How to complete this task -
What you return must match the records below exactly, apart from the omitted pictures.

+ + + + + + +

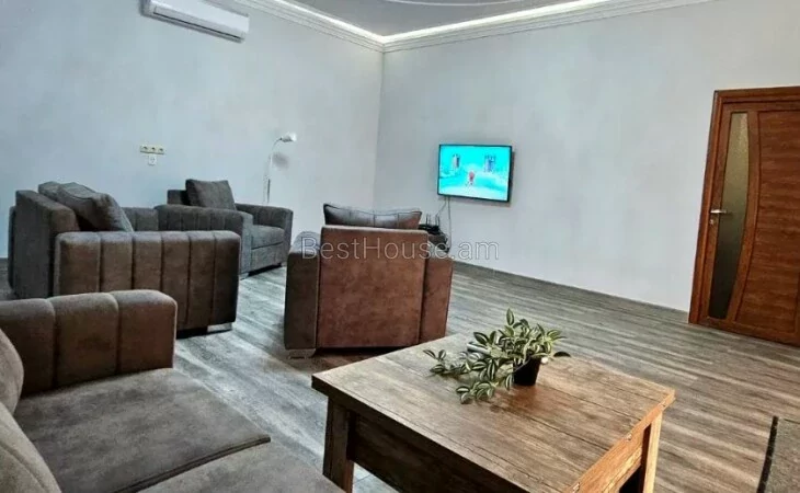 A beautiful 3-room completely renovated private house is for rent on Varshavyan street. The house is equipped with necessary property and equipment. The house is fenced, has a beautiful yard, 3 bathrooms.
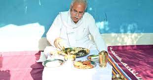 गरियाबंद जिले के बिंद्रानवागढ़ विधानसभा क्षेत्र के ग्राम परियाबाहरा में मुख्यमंत्री श्री भूपेश बघेल का आगमन भेंट मुलाकात कार्यक्रम के तहत हुआ। कार्यक्रम स्थल पर जाने से पहले मुख्यमंत्री ने दोपहर का भोजन ग्राम के आदिवासी किसान श्री गौकरण नागेश के घर किया। उनकी बहू  रूपेश्वरी नागेश ने मुख्यमंत्री को अपने हाथों से भोजन परोसा। उनके साथ प्रदेश के कैबिनेट मंत्री एवं जिले के प्रभारी मंत्री  अमरजीत भगत ने भी नागेश परिवार के भोजन का आनंद लिया। मिट्टी से बने कवेलूपोश घर की परछी (बरामदे) में जमीन पर बैठकर मुख्यमंत्री  बघेल ने कांदा भाजी, मुनगा बड़ी की सादा सब्जी के साथ गेहूं की रोटी, चावल-दाल, झुरगा आलू और गोभी-मटर की सब्जी का भी स्वाद चखा। इसके अलावा उन्होंने बिजौरी, अरसा, तिखुर, अचार, पापड़ भी खाया। इसके बाद मुख्यमंत्री ने नागेश परिवार का आभार व्यक्त करते हुए सभी परिजनों को उपहार भेंट किया।
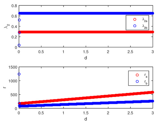 Similar to the network structure of in Figure 2, each layer has the same topology. We assume that a is the intralayer coupling strength and d is the interlayer coupling strength. According to the concept of supra-Laplacian matrix, it is not difficult to obtain the supra-Laplacian matrix of :
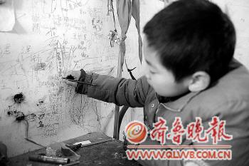 9歲的健健在家里的墻上寫下他的大學生家教老師的名字,大學生們的名字已經寫滿了這面墻。 本報記者 陳洋洋 攝
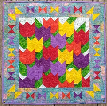 Way to go, Sharon!! I love your Tulip Patch quilt and your wall hanging – they are so bright and cheerful!

+ + + + + + +

Answer -
 A beautiful 3-room completely renovated private house is for rent on Varshavyan street. The house is equipped with necessary property and equipment. The house is fenced, has a beautiful yard, 3 bathrooms.
 गरियाबंद जिले के बिंद्रानवागढ़ विधानसभा क्षेत्र के ग्राम परियाबाहरा में मुख्यमंत्री श्री भूपेश बघेल का आगमन भेंट मुलाकात कार्यक्रम के तहत हुआ। कार्यक्रम स्थल पर जाने से पहले मुख्यमंत्री ने दोपहर का भोजन ग्राम के आदिवासी किसान श्री गौकरण नागेश के घर किया। उनकी बहू  रूपेश्वरी नागेश ने मुख्यमंत्री को अपने हाथों से भोजन परोसा। उनके साथ प्रदेश के कैबिनेट मंत्री एवं जिले के प्रभारी मंत्री  अमरजीत भगत ने भी नागेश परिवार के भोजन का आनंद लिया। मिट्टी से बने कवेलूपोश घर की परछी (बरामदे) में जमीन पर बैठकर मुख्यमंत्री  बघेल ने कांदा भाजी, मुनगा बड़ी की सादा सब्जी के साथ गेहूं की रोटी, चावल-दाल, झुरगा आलू और गोभी-मटर की सब्जी का भी स्वाद चखा। इसके अलावा उन्होंने बिजौरी, अरसा, तिखुर, अचार, पापड़ भी खाया। इसके बाद मुख्यमंत्री ने नागेश परिवार का आभार व्यक्त करते हुए सभी परिजनों को उपहार भेंट किया।
 Similar to the network structure of in Figure 2, each layer has the same topology. We assume that a is the intralayer coupling strength and d is the interlayer coupling strength. According to the concept of supra-Laplacian matrix, it is not difficult to obtain the supra-Laplacian matrix of :
 9歲的健健在家里的墻上寫下他的大學生家教老師的名字,大學生們的名字已經寫滿了這面墻。 本報記者 陳洋洋 攝
 Way to go, Sharon!! I love your Tulip Patch quilt and your wall hanging – they are so bright and cheerful!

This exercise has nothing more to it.